====== Records supplied ======

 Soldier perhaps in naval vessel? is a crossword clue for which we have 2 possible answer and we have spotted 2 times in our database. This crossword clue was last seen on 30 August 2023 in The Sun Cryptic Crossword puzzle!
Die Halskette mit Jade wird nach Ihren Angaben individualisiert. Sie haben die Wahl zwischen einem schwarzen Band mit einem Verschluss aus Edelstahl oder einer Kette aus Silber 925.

======
====== Records supplied ======

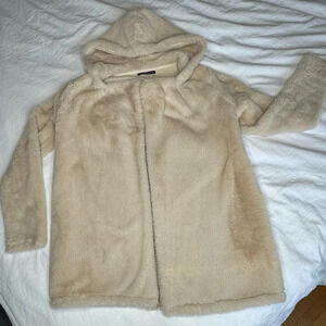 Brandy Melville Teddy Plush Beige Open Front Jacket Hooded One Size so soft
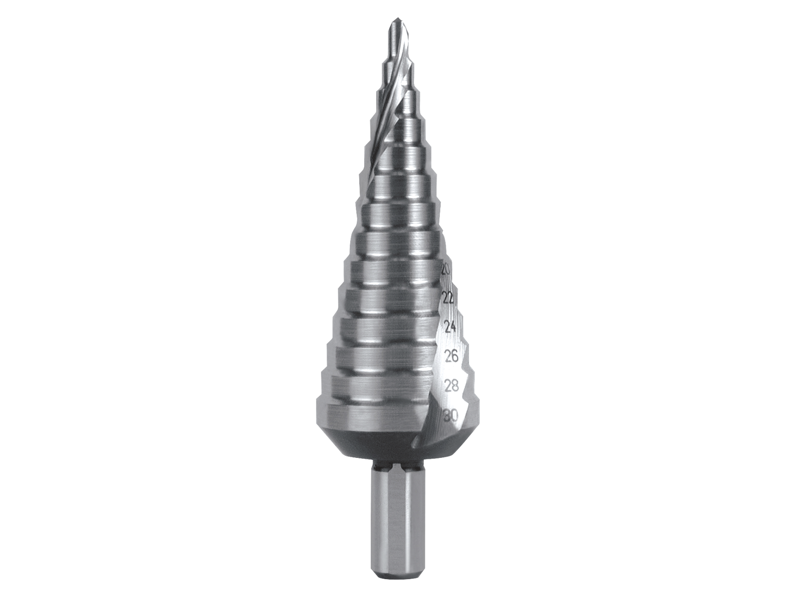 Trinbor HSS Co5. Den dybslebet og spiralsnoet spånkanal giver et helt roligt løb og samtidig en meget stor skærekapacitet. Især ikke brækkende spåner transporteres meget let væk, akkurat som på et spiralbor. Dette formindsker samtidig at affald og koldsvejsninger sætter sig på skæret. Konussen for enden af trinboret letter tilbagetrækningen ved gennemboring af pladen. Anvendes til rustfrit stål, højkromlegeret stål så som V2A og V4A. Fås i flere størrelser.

======

Only the lines above from the one with "Soldier perhaps in" up to and including the one with "Die Halskette mit" should be repeated, exactly as written.

 Soldier perhaps in naval vessel? is a crossword clue for which we have 2 possible answer and we have spotted 2 times in our database. This crossword clue was last seen on 30 August 2023 in The Sun Cryptic Crossword puzzle!
Die Halskette mit Jade wird nach Ihren Angaben individualisiert. Sie haben die Wahl zwischen einem schwarzen Band mit einem Verschluss aus Edelstahl oder einer Kette aus Silber 925.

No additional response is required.